New father registry could speed up adoptions

The State
by The Associated Press
Tuesday, January 5, 2010

South Carolina has joined nearly three dozen other states that have registries for biological fathers, which adoption advocates hope will shorten the time children spend in foster care.

Columbia adoption lawyer Paul Meding said the registry could shave a couple of months from completing adoptions, ending the practice of running “John Doe” ads in newspapers seeking a biological father.

The new law requires men who believe they may have fathered children to register with the state or they can lose the ability to have a say in whether a child is put up for adoption. The registry cannot be used to pursue child support, according to the law.

Previously, the state Department of Social Services or adoptive parents had to publish an ad weekly, for three consecutive weeks, notifying an unknown father of a pending adoption and the loss of his parental rights.

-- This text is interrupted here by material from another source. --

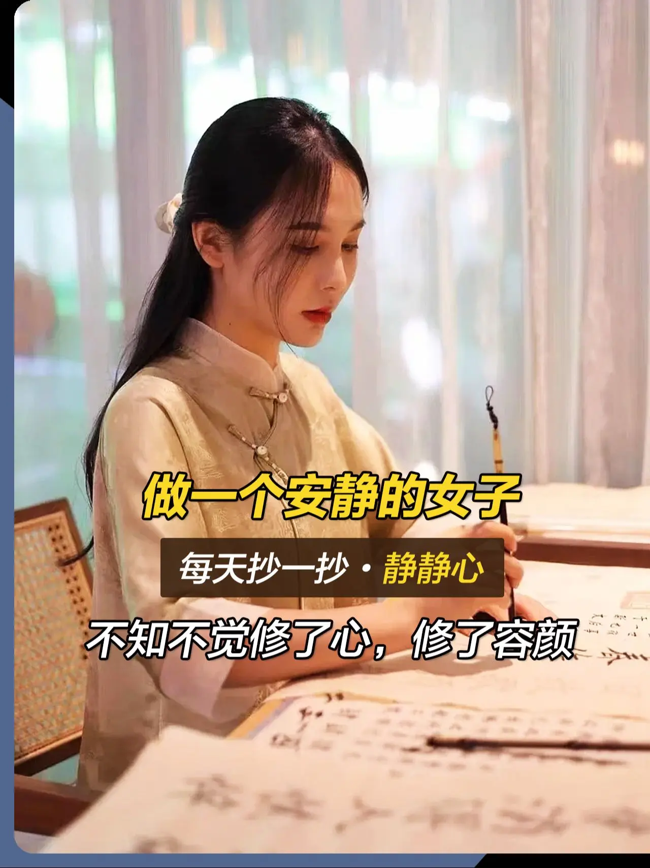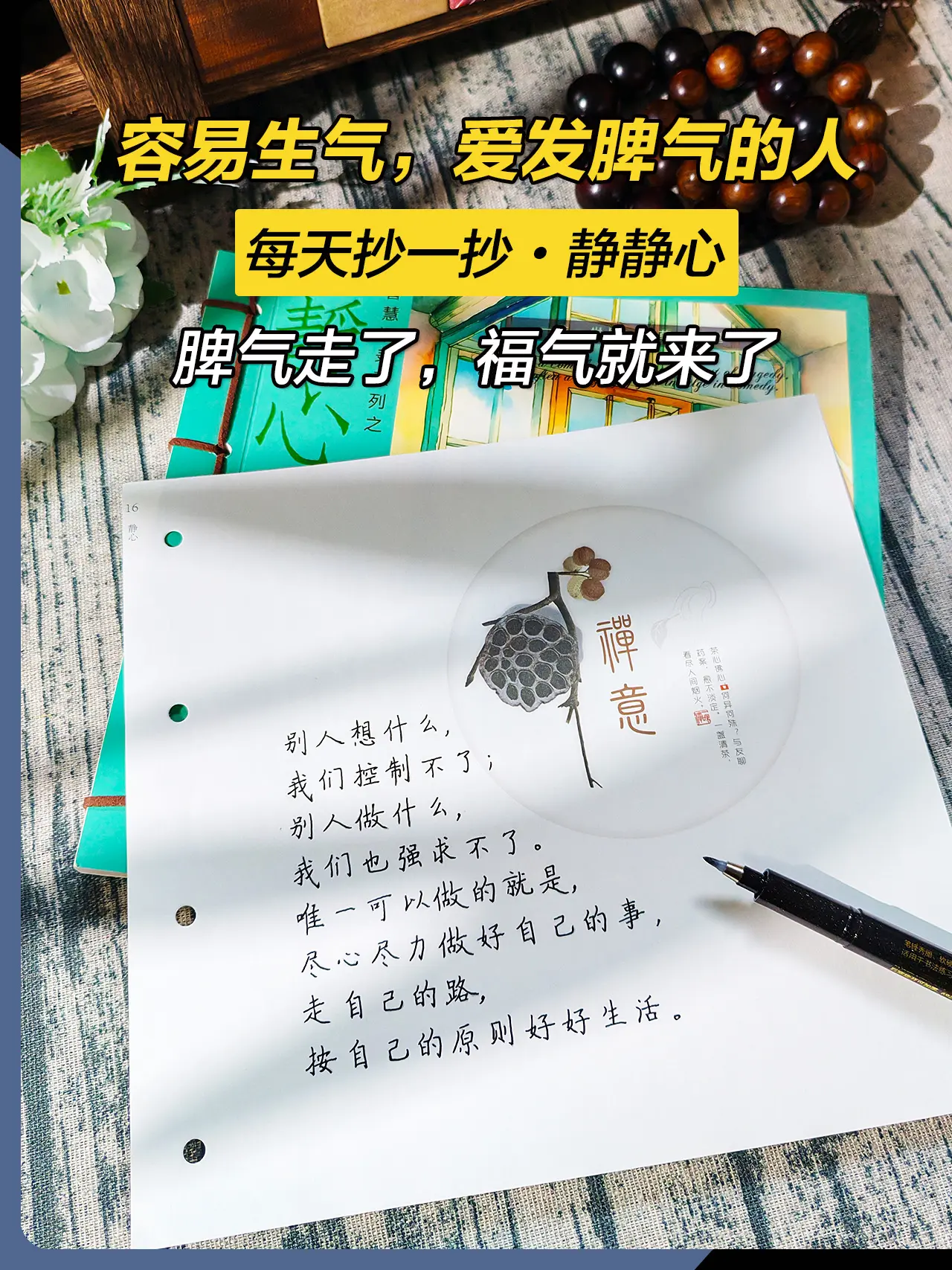 2025善待自己,从“静心”开始!做一个情绪稳定的女子, 别让你的脾气挡住了你的福气, 生活里谁伤害了你并不重要, 重要的是你自己是否 能够尽快化解自己的愤怒, 或者原谅,或者忘记,或者沉默。 心本自静,何须外求, 修行在心,不贪不嗔。 低谷烦躁的时候, 不妨试着抄一抄,静静心, 能稳定情绪就不要内耗自己, 不计较,不生气,不焦虑, 脾气走了,福气就来了。

“You’ve got a waiting child; you’ve got loving parents and at the last minute, all the sudden, they identify this father,” said state Rep. Joan Brady, a Columbia Republican who sponsored the measure.

The state spends about $100,000 yearly on the ads, she said. Advocates acknowledge few people respond to the ads, which were used when a birth mother had not named a father.

The law also requires that hearings to end parental rights be heard within 120 days. Backlogs in family court currently cause cases to be repeatedly delayed, for what can seem a lifetime to young children, Brady said.

Men who are involved in their children’s lives still have to be notified when an effort to end their parental rights is undertaken.

Children Come First, a nonprofit organization that presses for changes in South Carolina’s foster care system, contends the registry will shorten the time children spend in state foster care before adoption, which in 2008 was an average of three years. The federal standard is two years.

“Legal delays often result due to rumors that another man might be the child’s father or because of the legal requirement to notify ‘John Doe’ through publication. The registry will eliminate the expenditure of time, money and public resources currently used searching for fathers who do not want to be found,” the group wrote on its Web site.

The law is modeled after similar ones in 33 other states, including Georgia, Florida and Tennessee.

“If you truly have an interest in your parental rights, if you are truly responsible and earnest in your role in your child’s life and their future, you would place your name on this registry,” Brady said.

Under the law, fathers who have supported a child or woman while pregnant, are currently living with the mother, are listed on the birth certificate, or whom the mother identifies in a sworn statement, still must be notified of adoption or efforts to terminate parental rights.

Unmarried fathers can begin registering Jan. 1. Searches of the registry will replace “John Doe” ads on July 1.